Is it the libraries themselves? (vLLM, Paddle paddle etc) or is it a framework they all depend upon? or both?

I think ARM support has been good for a while. There is nothing special about Spark ARM processor - it has a standard aarch64 architecture that was around long enough that all major packages/libraries build on it just fine.

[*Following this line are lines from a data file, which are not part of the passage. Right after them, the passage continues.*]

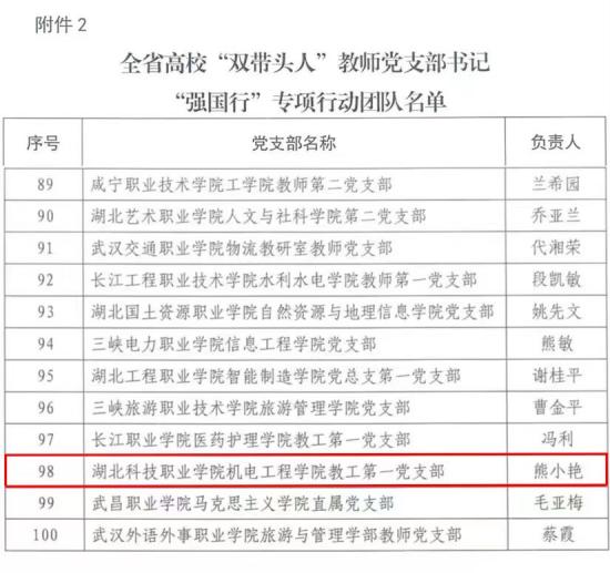 本网讯(通讯员 郭兵 文/图)近日,省委教育工委公布全省高校“双带头人”教师党支部书记“强国行”专项行动团队名单,我校机电工程学院教工第一党支部成功入选。这是我校在基层党组织建设中的又一次新突破,也是学校以高质量党建引领高质量发展过程中取得的重要成果。
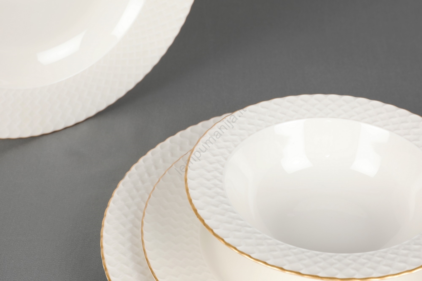 24 dalių stalo indų rinkinys, baltas/auksinis, porcelianas | Lempumanija
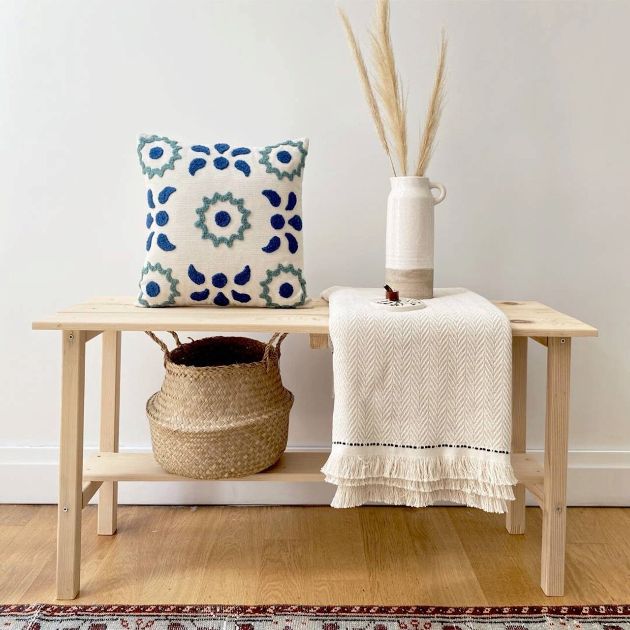 Husa de perna, Margrit Punch Pillow Cover, 43x43 cm, Material: 20% in, 80% poliester, Bleumarin / Gri
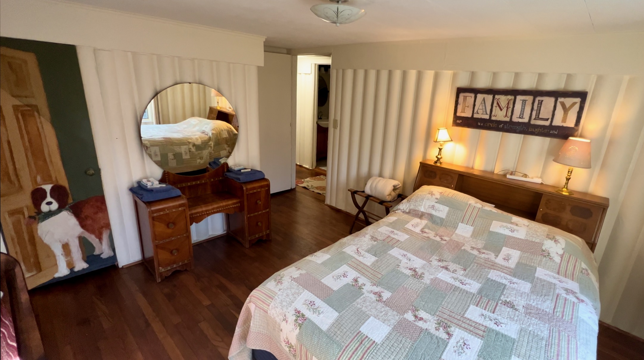 Description: A large three-bedroom two bath cabin, Oakwood is a perfect place for bigger groups. The master bedroom has a queen-size bed, along with a sleeper sofa for two. The second bedroom is equipped with a double bed, and the third also has a double bed. The living room has a large rock fireplace. The kitchen is complete with stove, refrigerator, microwave, coffeemaker, toaster, and even a dishwasher! Just off the kitchen is a sun room overlooking the creek, the fire ring, and the charcoal grill. A large covered deck is the perfect place to enjoy the sounds of the creek.
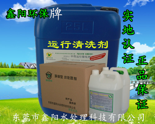 算好总水量,加药为5KG/吨水,可一次性投加,或分2-3次加入系统,每隔10—15天加一次,正常运行清洗30—45天左右,垢会在这段时间内慢慢溶解清除干净。投加时先排出总水量的5%后,再把药剂加入冷却塔或水池内,然后随补水将药剂从膨胀水箱投入,再补足水量正常运行。在设备运行中清洗,省时省力,清洗效率高,不影响设备正常运作;鑫阳环保牌运行除垢剂在中性环境下清洗,对设备无腐蚀,能清洗各种水垢及难溶垢以及微生物粘泥;
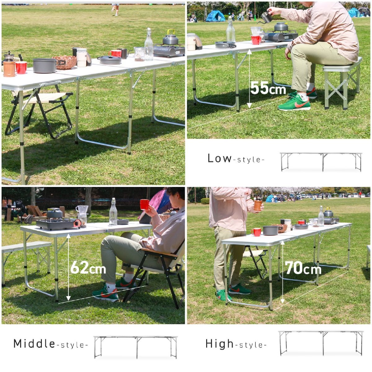 テーブル面サイズ(約): 240×60cm 耐荷重(約): 30kg 高さ(約): 55cm/62cm/70cm (3段階調整) 収納時サイズ(約): 60×60×13cm (4つ折り収納) |

It’s more about the GPU-specific support. It is Blackwell, but it’s a consumer-level Blackwell, and unlike 5090 and RTX 6000 Pro that share sm120, it has its own arch code - sm121. So, many libraries (including mainline pytorch) don’t know about sm121 yet. It will come, but will take some time. Hopefully less that it took for sm120.

1 Like

sm120 and 121 is equally the same, it is more lack support for sm12x in general, but we are working with frameworks for that

3 Likes

True, but it looks like some libraries treat sm121 as different from sm120 and don’t include blackwell-specific code in the builds. Even pyTorch complains about it (not sure if it affects anything though).

Gene –

I just saw this. Can you comment a bit further as to accuracy of NVFP4 vs. AWQ? Some people would no doubt prefer greater accuracy to faster speed.

It depends. If the model was post-trained in fp4 (similar to gpt-oss and some nemotron models), then NVFP4 will be a β€œnative” quant and will have better accuracy than bf16 model quantized to 4-bit AWQ.

On the other hand, if they are both quantized from bf16, it depends on whether w4a4 or w4a16 was used. AWQ quants normally use 16 bits for activation weights and 4 bits for others. Most NVFP4 quants in the wild that I’ve seen are w4a4, so in theory, AWQ should have better accuracy. NVFP4 w4a16 should be more accurate than AWQ though.

Also, not every quantization process is the same, it all depends on the calibration dataset, etc.

1 Like

Folks, is there any update on the state of support for this?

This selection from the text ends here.